Now, it’s not that I don’t speak about my illnesses or my symptoms at all. Of course I do. I suppose there are a few differences for me compared to what I read. I just have no idea what the reality actually is for others. For me, though:

  1. I don’t talk about it every day.
  2. Mostly I only speak about it when it effects plans with a friend, etc. I’ll say I have to cancel plans because I don’t feel well, or that I need to change things to be more sedentary because the fatigue is bad. But I rarely bring it up out of context.
  3. Except for the worst times, I intentionally try to balance things. When I hear myself talking about my health stuff a lot to someone, I make a point of then asking about their lives, and focusing on what’s going on with them. (I learned this lesson the hard way from a friend many years ago. But I did learn from it, which is why she’s still in my life and is reading this on Monday morning at work while she sips her coffee, I bet. *waves*)
  4. My symptoms came on gradually over many years. It’s not as if I had a particular life and then I woke up one day and everything had changed.
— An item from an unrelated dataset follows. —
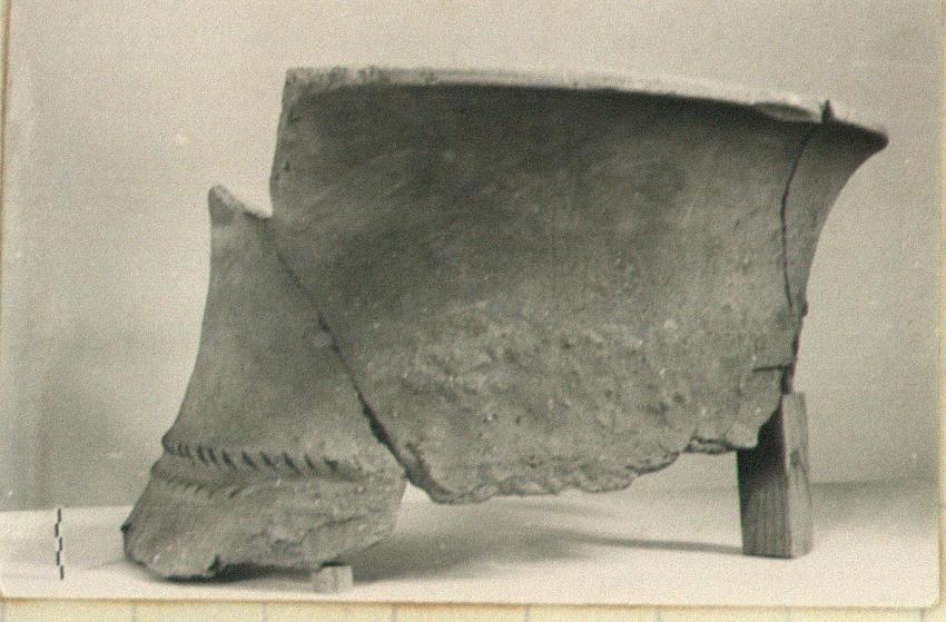 | Description: | Pithos top: several joining pieces preserve less than half of rim, height of neck. Several small non-joining fragments. Concave neck; thickened rim, slightly rounded on top and flattened on outside. Near base of neck, two heavy ridges, on which diagonals have been cut by a sharp instrument, the lower row reversing the direction of the upper. Pinkish-buff gritty clay. Heavy fabric. | |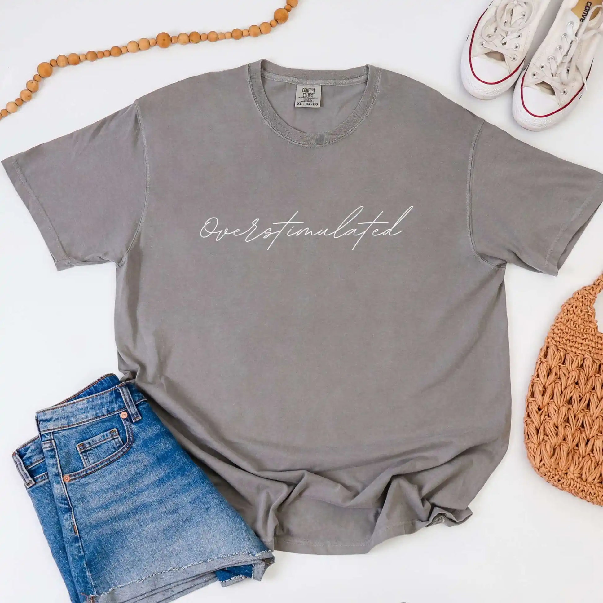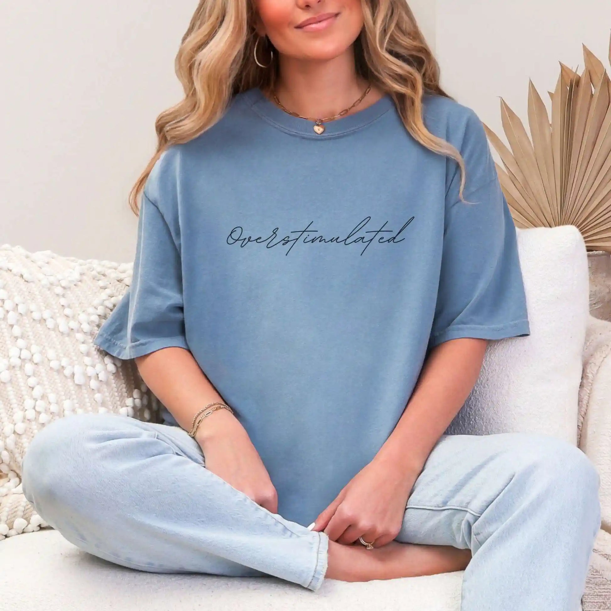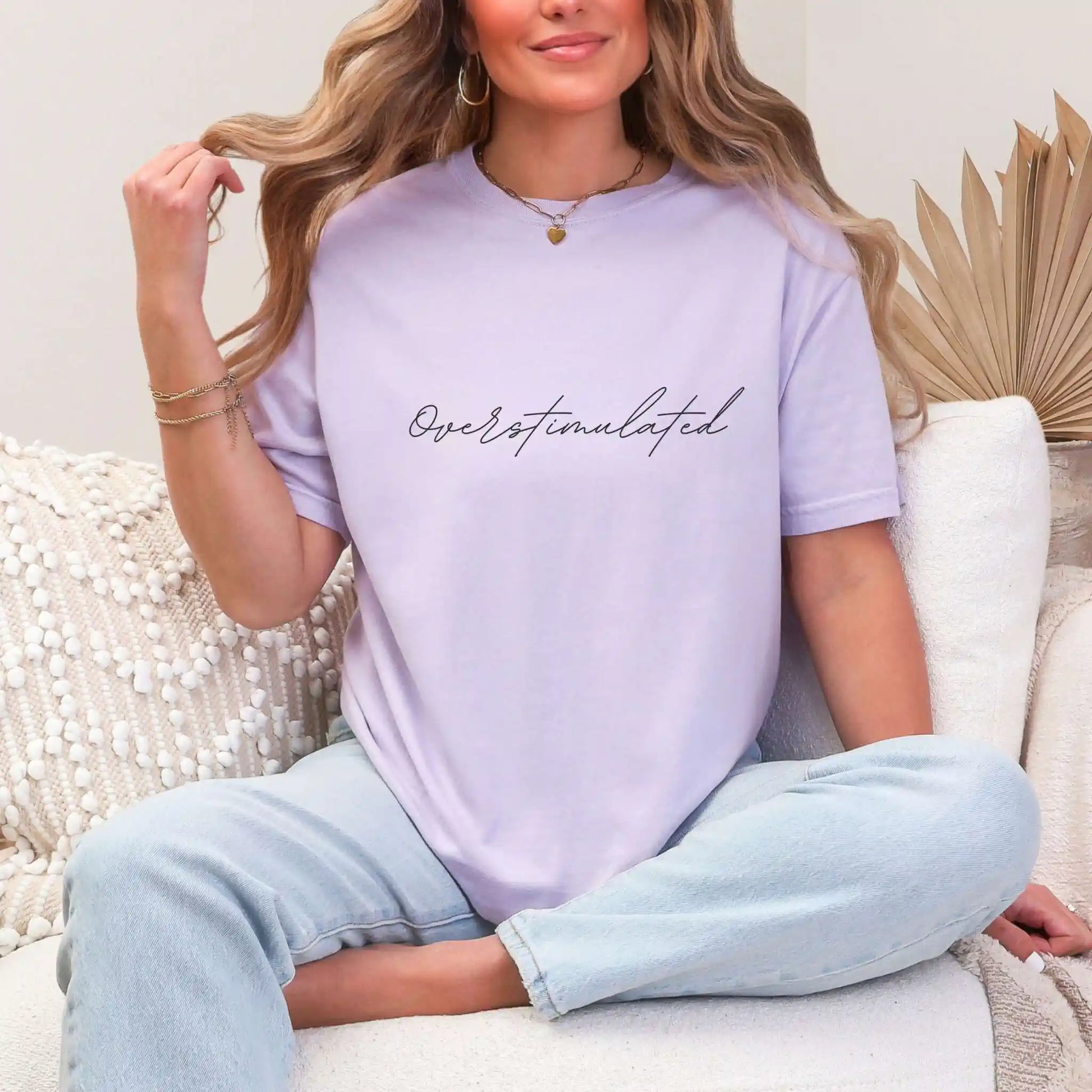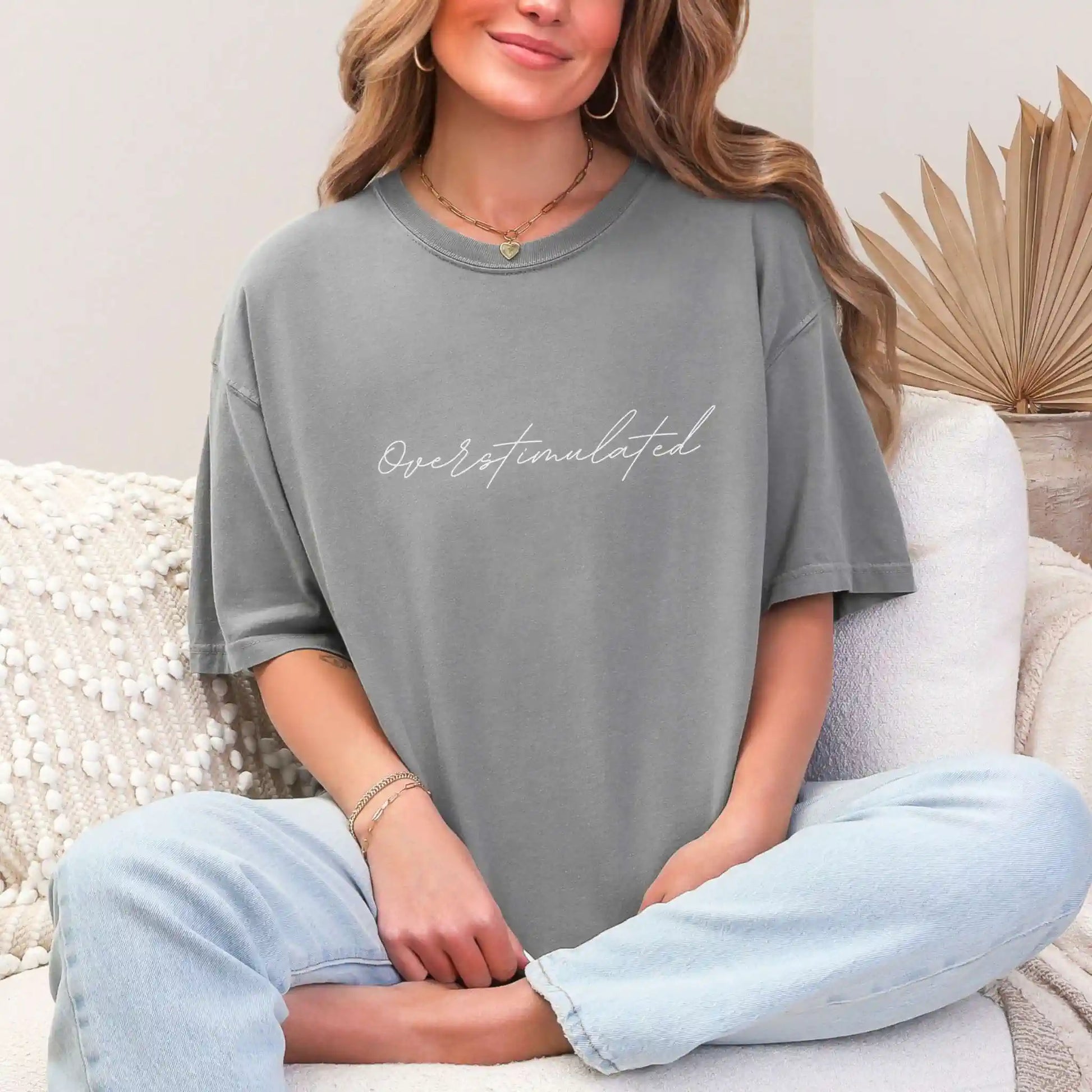 “Overstimulated” is the anthem of the touched-out and totally done — a tee for every over-it adult navigating the chaos.

Instead, the illnesses slowly eroded my life, so the changes were less startling, and therefore weren’t “news” the way they are when there’s a sudden onset of symptoms.

Do I complain? Of course. Do I whine? Occasionally. But mostly, I forget to bring it up. This crap is such a huge part of my life, that it almost feels normal. It’s sad but true. So I forget to talk about it most of the time. And that’s why I can’t imagine what it is that others say about it every day. I’m just curious. What is it you discuss with your friends and family regarding your illness(es)?

And for the times when I really just need to bitch about the unfairness of it all, well, this blog is great for that!